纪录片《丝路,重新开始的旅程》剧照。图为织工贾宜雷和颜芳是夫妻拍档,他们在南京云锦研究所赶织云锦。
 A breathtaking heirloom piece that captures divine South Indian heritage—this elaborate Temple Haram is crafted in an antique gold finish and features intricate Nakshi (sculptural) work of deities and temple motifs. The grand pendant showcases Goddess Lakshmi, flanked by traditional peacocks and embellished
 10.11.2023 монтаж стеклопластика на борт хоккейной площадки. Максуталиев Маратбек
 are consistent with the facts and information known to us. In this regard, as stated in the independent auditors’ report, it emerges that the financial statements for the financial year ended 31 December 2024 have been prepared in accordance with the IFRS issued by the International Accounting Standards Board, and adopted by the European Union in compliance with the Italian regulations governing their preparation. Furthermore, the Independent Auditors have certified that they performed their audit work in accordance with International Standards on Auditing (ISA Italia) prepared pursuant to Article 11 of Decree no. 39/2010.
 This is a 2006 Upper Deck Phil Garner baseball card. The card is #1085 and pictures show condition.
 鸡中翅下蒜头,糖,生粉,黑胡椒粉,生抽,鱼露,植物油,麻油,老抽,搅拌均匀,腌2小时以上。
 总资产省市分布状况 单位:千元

::::::

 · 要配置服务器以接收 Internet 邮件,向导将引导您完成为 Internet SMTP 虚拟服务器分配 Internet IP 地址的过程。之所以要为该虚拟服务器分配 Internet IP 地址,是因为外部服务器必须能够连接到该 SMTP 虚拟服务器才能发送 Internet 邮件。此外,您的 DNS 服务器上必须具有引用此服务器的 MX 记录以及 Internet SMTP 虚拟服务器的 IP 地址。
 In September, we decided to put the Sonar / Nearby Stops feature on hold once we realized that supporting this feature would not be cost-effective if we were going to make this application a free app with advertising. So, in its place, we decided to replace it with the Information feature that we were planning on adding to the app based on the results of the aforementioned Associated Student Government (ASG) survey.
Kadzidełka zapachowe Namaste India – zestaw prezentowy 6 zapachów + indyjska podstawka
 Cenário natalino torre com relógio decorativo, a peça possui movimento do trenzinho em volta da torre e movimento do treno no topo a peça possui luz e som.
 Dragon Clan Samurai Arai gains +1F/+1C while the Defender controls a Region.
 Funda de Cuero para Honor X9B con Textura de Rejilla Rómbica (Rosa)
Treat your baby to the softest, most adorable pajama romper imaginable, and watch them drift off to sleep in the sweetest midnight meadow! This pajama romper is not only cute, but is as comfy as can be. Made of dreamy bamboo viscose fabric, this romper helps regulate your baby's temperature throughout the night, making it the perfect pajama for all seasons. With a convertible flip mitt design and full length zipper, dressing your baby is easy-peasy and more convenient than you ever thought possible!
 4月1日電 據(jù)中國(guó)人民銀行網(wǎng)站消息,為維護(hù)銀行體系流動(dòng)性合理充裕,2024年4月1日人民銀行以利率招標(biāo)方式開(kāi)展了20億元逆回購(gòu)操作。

::::::

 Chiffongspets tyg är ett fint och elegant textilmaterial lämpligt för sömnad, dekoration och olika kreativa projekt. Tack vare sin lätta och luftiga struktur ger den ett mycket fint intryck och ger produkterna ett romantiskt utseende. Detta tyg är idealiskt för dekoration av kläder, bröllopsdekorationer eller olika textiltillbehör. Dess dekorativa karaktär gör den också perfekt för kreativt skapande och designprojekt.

::::::

What is expected.
Bring together each line above where the string "work" turns up.

Response box.
 A breathtaking heirloom piece that captures divine South Indian heritage—this elaborate Temple Haram is crafted in an antique gold finish and features intricate Nakshi (sculptural) work of deities and temple motifs. The grand pendant showcases Goddess Lakshmi, flanked by traditional peacocks and embellished
 are consistent with the facts and information known to us. In this regard, as stated in the independent auditors’ report, it emerges that the financial statements for the financial year ended 31 December 2024 have been prepared in accordance with the IFRS issued by the International Accounting Standards Board, and adopted by the European Union in compliance with the Italian regulations governing their preparation. Furthermore, the Independent Auditors have certified that they performed their audit work in accordance with International Standards on Auditing (ISA Italia) prepared pursuant to Article 11 of Decree no. 39/2010.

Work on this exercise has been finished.